We will do the analysis in the reverse order to what is normally done. In that we will assume we already have split the variable into their classes ( groupings of the values of a variable) and this section will see how we apply linear programming and regression to find the scores for these characteristic classes. Again in real scorecard building one would use dedicated statistical software like SAS or SPSS or specific credit scoring software like Paragon’s DSS..

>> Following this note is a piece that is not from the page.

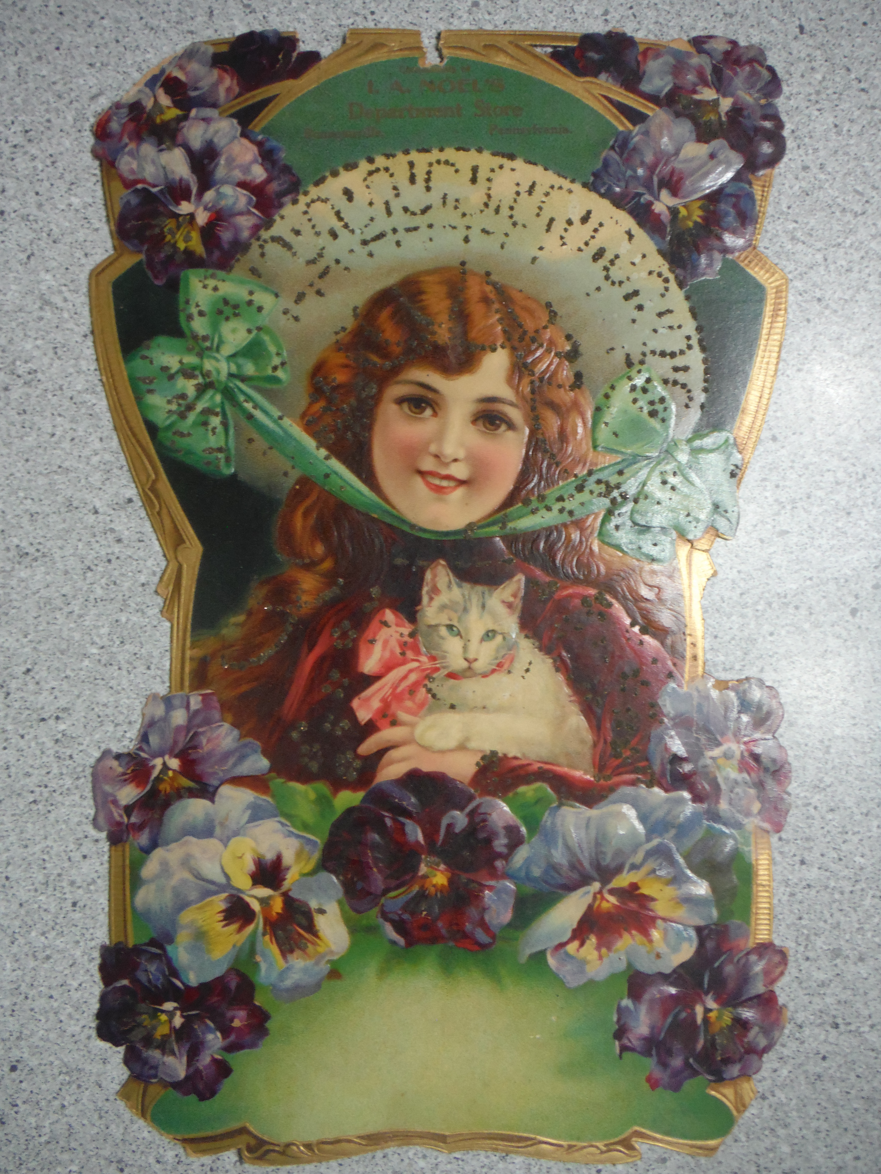 This calendar represents the finest quality that could be had at the time. Mr. Noel spared no expense on his gratuities. The lithographic color is excellent well over a century after the piece was produced. The calendar is embossed. The subject; a beautiful young girl, her wardrobe, a kitten and a profusion of flowers is exquisite. Gold glitter (now a bit discolored) further enhanced the piece.

1.Move to Sheet 2 of the spreadsheet.
Here we have taken the age, number of children and employment status variables and coarse classified them. So Date of Birth has been split into bands of 1918-1932, 1933-1948, 1949-1954 , 1955-1963 ( and of course those with no entry in any of these are born after 1963- the data was obtained in 1988 ). The set has been reordered so all the bads ( those where the good=1 variable has value 0 ) are the first 39 and the goods the remaining 61. The P column has a 1 for the bads and –1 for the goods and the Q column will be the errors. The entries in E102 to O102 are the weights of the corresponding attributes in the scorecard
For the bads we want w1 x1+…wp xp- error to be less than the cutoff;
For the goods we want w1 x1+…wp xp+ error to be greater than the cutoff;
To make the distinction clearer we will want the bads to be less than 80 and the goods to be greater than 100. To do this proceed as follows
In cell A102 type score
In cell e102 type 1 and then copy this across f102 to o102.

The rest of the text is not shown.